There is a lesson in Thomas’ story for us all. Sometimes we have to let go of what we have and what is familiar in order to be available to receive something greater. This requires courage. It is easy to stay within our comfort zone and have surety even if that surety keeps us stuck. In our comfort zone we know who we can rely on. Stepping outside of it will create confusion, insecurity and sometimes loneliness. Yes, the fear of the unknown is powerful and unless we understand this and be brave enough to face it, we will never know our true potential or how great we can become. Every encounter and relationship have their purpose. This is neither wholly good or wholly bad. This is not to say we use people for our own ends but rather when the purpose of that relationship has been met and there is no shared interest, investment or reason to keep the relationship alive then give thanks for the experiences and friendships and with gratitude move on. Endings can be painful however what can be more damaging is clinging on. The desire to belong and have approval and acceptance from others is a primitive one. The need for such belonging and acceptance is wired into our DNA. That is why choosing to say goodbye to pursue our own dreams is so scary. Every successful person at some point or other has this process to go through. The very thing that drives them through this process is that their dreams are big enough to propel and even compel them to do so. Make sure your dreams and passion are BIG! Big enough to pull you through all the scary steps that are required to reach your goal. If you reach the end of your life which of the following statements will be your last; “Yes I did it! It was tough at times but so dam worth it and the journey was exhilarating and boy do I feel fulfilled!” or will it be; “If only I had the courage and the strength. I wonder how it would have turned out? Guess I will never know.”

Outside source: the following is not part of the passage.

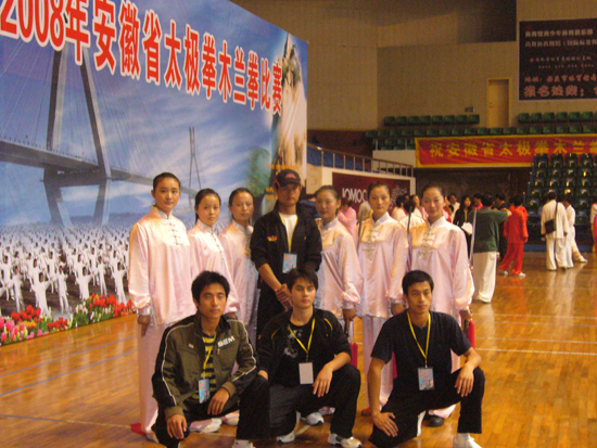 10月18日,在我市体育馆举行的“天柱山杯”2008年安徽省太极拳、木兰拳比赛中,beat365官网体育系学生在王思乐老师的带领下,经过激烈竞争和顽强拼搏,共获得四个第一名和两个第二名的优异成绩。其中,由鲁园、兰岚、姚丹丹、王玉霞、夏梅、周小娟等六位同学组队参加的集体项目木兰剑荣获冠军,胡鹏同学荣获男子青年组32式太极剑第一名和男子青年组42式太极拳第二名,鲁园同学荣获女子乙组木兰剑第一名,曹建设和王漫同学分获男子青年组陈式太极拳冠、亚军。这是beat365官网体育系学生继今年3月在香港国际武术邀请赛中荣获骄人成绩之后,在民族传统体育方面取得的又一佳绩。

When the vision is not clear

The other lesson John’s story illustrates is the lack of a cohesive vision and plan. Without it no wonder the band cannot define their music or sound. This impacts everything else – how do they promote themselves? Every person will ask the same question I did; “What type of music do you play?” How can they promote themselves to the right producer, radio host, or get bookings in the right venues? Without this clarity no prospective fan can identify with a non distinctive sound. And so too, is it like this in business. Without a clear vision there can be no direction to go in.

While building my business, I have no guarantee I will “make it” but one thing is for sure the only person I can rely on to make things happen for me, is me! I am walking my talk and step by step making daily progress towards my dream. It does not matter the breadth of a step I take every day but what I know for sure, what does matter is that I take a step every day.

Lessons from Thomas’ story

1. Have BIG vision – It needs to be huge enough to pull you through the scary stuff

2. Define what you do – so people immediately understand

3. Devise a strategy – get help to roadmap it out if need be

4. Ensure everyone shares the dream and the vision and agrees on the strategy – if not rethink

5. Be brave, bold and powerful – step outside your comfort zone – it’s the only way

6. Be prepared to say goodbye to some people as you go forward with your dream. Be gracious for their help support and friendship.

7. Lean into it with everything you got!